Especialistas do setor apontam que o ritmo de colheita já reflete positivamente nos mercados físico e futuro da oleaginosa. Com o avanço dos trabalhos, há expectativas de maior oferta de grãos no curto prazo, o que pode influenciar cotações internas, movimentação nos portos e negociações de contratos para exportação ao longo das próximas semanas.

No entanto, nem todos os fatores são completamente favoráveis. Produtores e associações do setor alertam para desafios climáticos que podem incidir sobre o estágio final da safra e o início imediato dos trabalhos de plantio da chamada “safrinha” do milho. Em algumas regiões de Mato Grosso, o excesso de chuvas registrado recentemente tem dificultado a entrada de máquinas e a secagem adequada dos grãos colhidos, o que pode afetar a qualidade final da produção se as condições não se estabilizarem rapidamente.

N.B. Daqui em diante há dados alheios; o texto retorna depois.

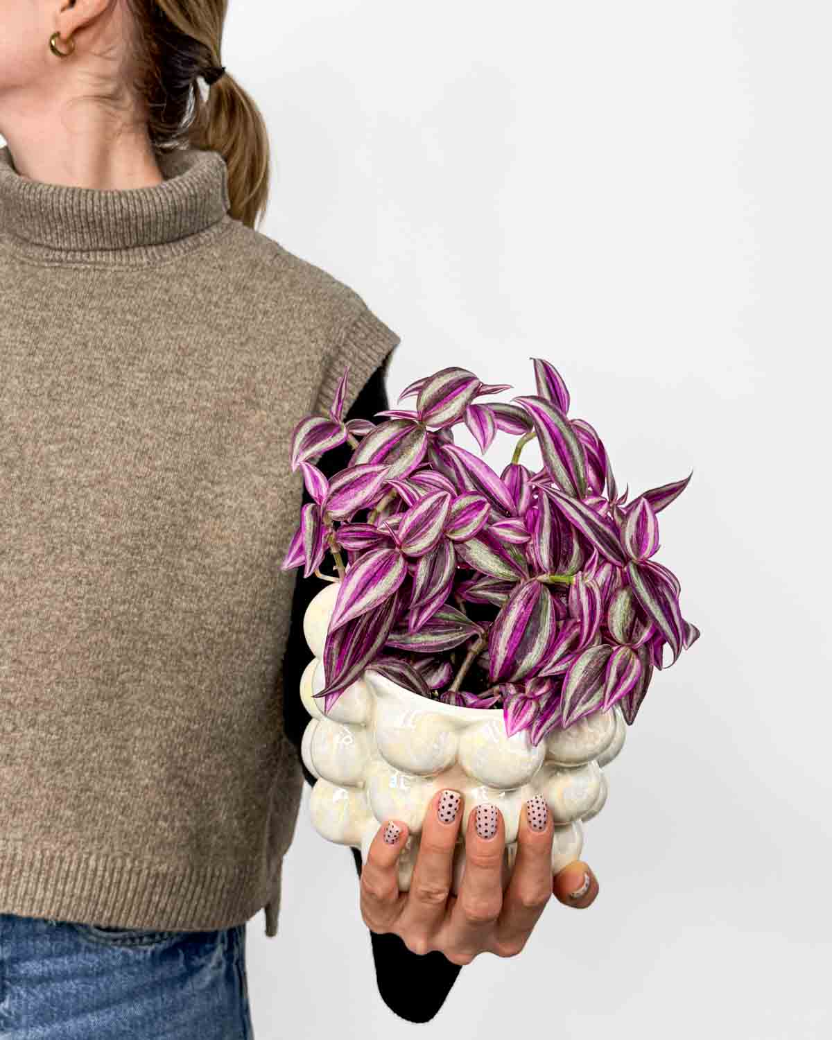 Tražiš biljku koja je jednostavna za održavanje, brzo raste i lako se razmnožava? To sam ja, Tradeskancija ‘Pink Paradise’ (Tradescantia zebrina)! Ja sam sorta koja će te oduševiti prekrasnim listovima koji se prelijevaju u zelenu, srebrnu, živopisno ružičastu i tamno ljubičastu boju. Ako želiš da zadržim bujan oblik, povremeno oreži vrhove koje možeš lako ukorijeniti u vodi ili zemlji.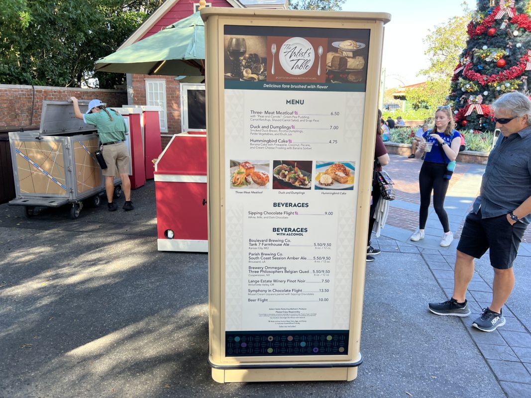 Menu for The Artist’s Table at the 2023 EPCOT International Festival of the Arts

Perspectivas e posição de liderança

Ainda assim, a posição de liderança de Mato Grosso no cenário brasileiro permanece clara. O estado continua à frente de outras unidades federativas tanto na proporção de área já colhida quanto no ritmo de semeadura que antecede a colheita plena. As informações divulgadas pelo Imea e pela Conab demonstram que a performance do estado tem sido determinante para elevar a média nacional e sustentar projeções de produção robusta para a oleaginosa em 2026.

À medida que os trabalhos no campo avançam, os agentes de mercado seguem atentos às condições climáticas, à logística de escoamento e aos preços internacionais, com a expectativa de que o Brasil mantenha sua posição como um dos principais fornecedores globais de soja no mundo.